[Saved data entries]
§

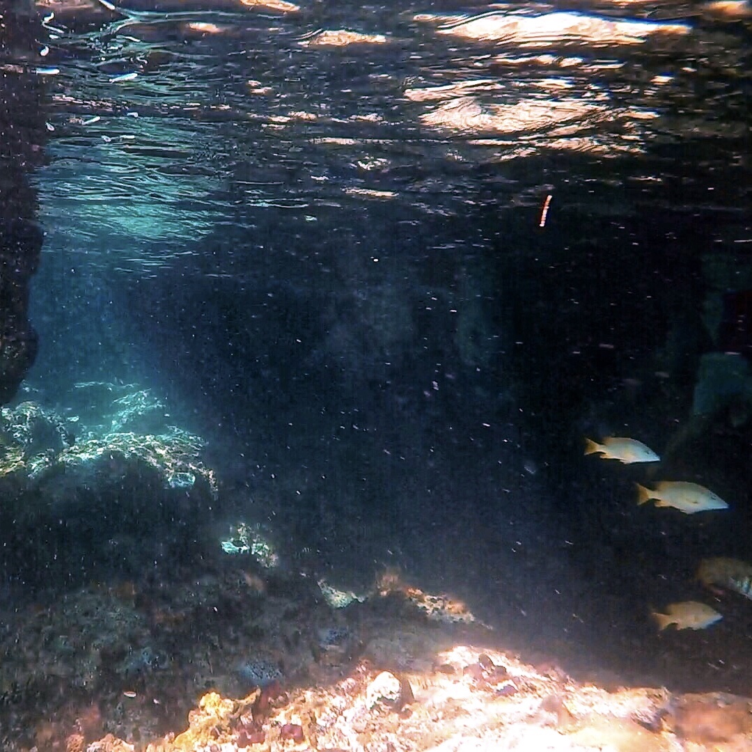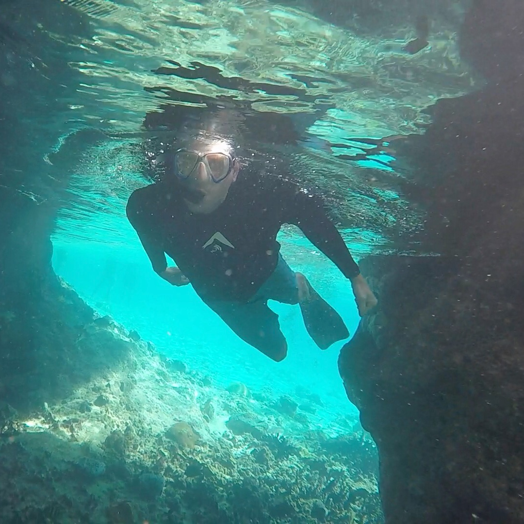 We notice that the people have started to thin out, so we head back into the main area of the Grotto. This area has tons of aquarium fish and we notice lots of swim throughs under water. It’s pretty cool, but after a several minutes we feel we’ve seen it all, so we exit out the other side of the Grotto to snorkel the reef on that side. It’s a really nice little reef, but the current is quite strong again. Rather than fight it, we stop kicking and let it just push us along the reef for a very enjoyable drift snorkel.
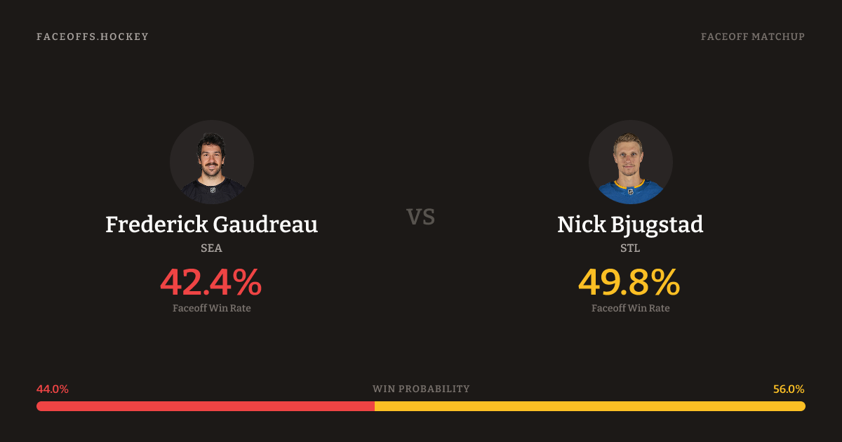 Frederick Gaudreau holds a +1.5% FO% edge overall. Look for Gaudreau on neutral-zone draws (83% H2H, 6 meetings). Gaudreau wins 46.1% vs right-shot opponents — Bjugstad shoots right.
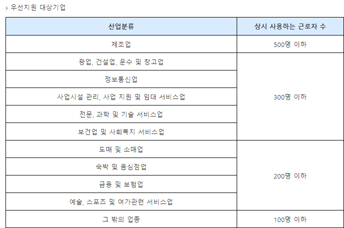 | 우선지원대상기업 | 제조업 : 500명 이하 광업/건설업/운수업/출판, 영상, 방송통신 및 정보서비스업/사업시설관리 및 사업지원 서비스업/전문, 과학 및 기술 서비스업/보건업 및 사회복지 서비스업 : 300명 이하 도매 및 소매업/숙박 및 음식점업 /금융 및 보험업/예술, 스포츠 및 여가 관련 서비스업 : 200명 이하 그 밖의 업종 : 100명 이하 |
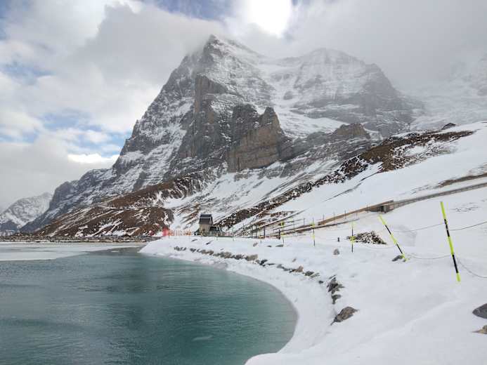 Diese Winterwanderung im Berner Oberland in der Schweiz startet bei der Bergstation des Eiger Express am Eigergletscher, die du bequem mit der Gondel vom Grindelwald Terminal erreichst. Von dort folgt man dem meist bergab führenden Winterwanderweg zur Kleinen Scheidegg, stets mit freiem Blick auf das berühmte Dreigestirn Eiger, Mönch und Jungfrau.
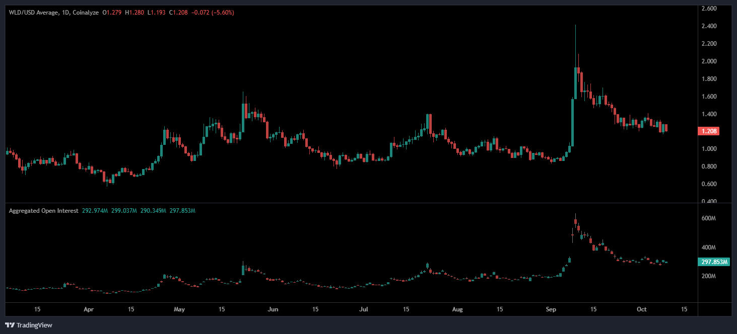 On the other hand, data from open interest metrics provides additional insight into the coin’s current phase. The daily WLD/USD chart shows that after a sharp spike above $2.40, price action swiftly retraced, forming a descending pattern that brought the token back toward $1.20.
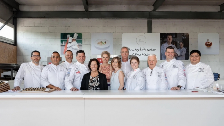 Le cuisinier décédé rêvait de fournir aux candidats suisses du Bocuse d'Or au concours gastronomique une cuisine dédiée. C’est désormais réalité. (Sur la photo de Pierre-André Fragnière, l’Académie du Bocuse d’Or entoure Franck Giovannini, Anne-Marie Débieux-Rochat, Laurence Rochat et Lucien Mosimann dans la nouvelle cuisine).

§

TASK DIRECTIONS
Leave out the pictures, and retype exactly the lines from the one containing "Frederick Gaudreau holds" through the last line of the data above, no more and no less.

FINISHED TASK
 Frederick Gaudreau holds a +1.5% FO% edge overall. Look for Gaudreau on neutral-zone draws (83% H2H, 6 meetings). Gaudreau wins 46.1% vs right-shot opponents — Bjugstad shoots right.
 | 우선지원대상기업 | 제조업 : 500명 이하 광업/건설업/운수업/출판, 영상, 방송통신 및 정보서비스업/사업시설관리 및 사업지원 서비스업/전문, 과학 및 기술 서비스업/보건업 및 사회복지 서비스업 : 300명 이하 도매 및 소매업/숙박 및 음식점업 /금융 및 보험업/예술, 스포츠 및 여가 관련 서비스업 : 200명 이하 그 밖의 업종 : 100명 이하 |
 Diese Winterwanderung im Berner Oberland in der Schweiz startet bei der Bergstation des Eiger Express am Eigergletscher, die du bequem mit der Gondel vom Grindelwald Terminal erreichst. Von dort folgt man dem meist bergab führenden Winterwanderweg zur Kleinen Scheidegg, stets mit freiem Blick auf das berühmte Dreigestirn Eiger, Mönch und Jungfrau.
 On the other hand, data from open interest metrics provides additional insight into the coin’s current phase. The daily WLD/USD chart shows that after a sharp spike above $2.40, price action swiftly retraced, forming a descending pattern that brought the token back toward $1.20.
 Le cuisinier décédé rêvait de fournir aux candidats suisses du Bocuse d'Or au concours gastronomique une cuisine dédiée. C’est désormais réalité. (Sur la photo de Pierre-André Fragnière, l’Académie du Bocuse d’Or entoure Franck Giovannini, Anne-Marie Débieux-Rochat, Laurence Rochat et Lucien Mosimann dans la nouvelle cuisine).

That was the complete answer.